Figure 1.
Combinatorial fragment exchange.
(1) Regions known to play an important role in the protein structure-function relationship are chosen and defined based on alignment of known structures or homology models. (2) Appropriate oligonucleotide primers are designed to fragment the gene encoding the core protein scaffold based on the structural alignment determined in (1). (3) The oligonucleotides generated in (2) are used to fragment the core gene. (4) Oligonucleotides encoding the selected regions from the selected donor sequence elements (red arrows) are used to splice together the core gene fragments generated either by PCR (white blocks; labelled Fn) or bridging oligonucleotides (blue arrows; labelled fn). This generates the library of variants with different combinations of sequences at each of the selected regions. The example given in the figure represents the fragmentation and reassembly approach used in this study.
Figure 2.
Sequence identity and region definition of chosen subtilisins.
Region marked with a + contains an additional calcium binding site and the S49D mutation to Sav core. The regions marked with * a Cys-X-Cys disulphide bond.
Figure 3.
Structural features of selected donor subtilisins.
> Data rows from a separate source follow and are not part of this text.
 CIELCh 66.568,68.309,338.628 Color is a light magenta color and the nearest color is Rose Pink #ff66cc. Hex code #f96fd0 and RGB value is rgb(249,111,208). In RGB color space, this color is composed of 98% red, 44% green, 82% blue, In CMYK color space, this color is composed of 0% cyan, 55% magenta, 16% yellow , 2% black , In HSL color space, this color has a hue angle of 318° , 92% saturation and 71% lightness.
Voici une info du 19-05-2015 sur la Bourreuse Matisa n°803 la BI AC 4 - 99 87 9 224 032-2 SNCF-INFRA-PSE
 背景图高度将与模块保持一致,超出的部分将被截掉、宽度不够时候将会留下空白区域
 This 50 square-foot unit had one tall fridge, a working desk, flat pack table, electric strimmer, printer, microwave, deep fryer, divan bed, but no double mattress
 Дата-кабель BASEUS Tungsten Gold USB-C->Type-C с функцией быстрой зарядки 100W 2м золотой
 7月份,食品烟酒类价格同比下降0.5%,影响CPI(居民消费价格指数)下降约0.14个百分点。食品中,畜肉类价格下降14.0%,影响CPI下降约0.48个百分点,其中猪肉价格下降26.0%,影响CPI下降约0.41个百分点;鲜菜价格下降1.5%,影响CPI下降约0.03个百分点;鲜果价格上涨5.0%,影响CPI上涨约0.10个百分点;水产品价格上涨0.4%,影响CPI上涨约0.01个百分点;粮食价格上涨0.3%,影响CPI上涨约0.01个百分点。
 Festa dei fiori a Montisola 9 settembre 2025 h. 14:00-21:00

(A) The additional calcium binding site observed in R2 of Ther and AK1. Calcium ion is shown as blue sphere, R2 is green with calcium coordinating residues shown as sticks. The catalytic triad is shown as grey sticks. Diagram created using PDB file 1THM [41]. (B) The Cys-X-Cys disulphide bridge in the R4 region of AK1 (PDB code 1DBI [31]). R4 is coloured cyan, with the disulphide bridge shown as sticks. The catalytic triad is shown as grey sticks. (C) Structure of ISP from B. clausii (PDB code 2X8J [33]). The two protomers are coloured grey and green respectively. The catalytic triad (space-fill) and the 6 selected regions (coloured red) are shown on the left, grey protomer. The homology model of ISP generated as described in the material and methods is coloured yellow and overlaid on the right, green protomer of the experimentally determined structure of ISP.
Figure 4.
Selected Sav regions for ComFrEx.
The structure of Sav (1SVN; [37] with each of the six regions highlighted as shown in the top panel of figure. The catalytic triad is shown as space-fill and calcium ions shown as green spheres. The right hand panel defines each of the regions in terms of their placement within Sav primary and secondary structure. The sequence of each region is shown and coloured as indicated in the diagram. Letters in bold and coloured black indicate residues contributing to the catalytic triad and anoxyion hole.
Figure 5.
Activity of rationally constructed Sav-hybrid variants.
The donor fragments at each of the 6 regions derives from one of the subtilisins, which is indicated in superscript in the figure. An active variant is indicated by the production of a clearing zone or halo around the B. subtilis colony due to digestion of casein embedded in the agar growth medium.
Table 1.
Activity of rationally constructed variants
Figure 6.
Characterisation of LibR34 variants.
Variants are blocked according to their FAAF:AAPF ratio as described in the main text. Variant v1F3 (labelled with *) has an additional N43L mutation. The sequence of R3 or R4 hybrid regions are described in Table S2. Data for variants labelled with + sharing the same sequence identified from different transformants is presented in Table S3.
Figure 7.
Characterisation of LibRall variants.
Variants are blocked according to their FAAF:AAPF ratio class as described in the main text. The colour code for regions R1 to R6 are: black, Sav; blue, BPN; yellow, Alc; green, SbE; orange, AK1; purple, Ther; cyan, ISP. Sequence of hybrid regions described in Table S4. Variants with additional mutations are labelled with a +: G206S (vaF4), N221I (vaB4), T23L (vaG5).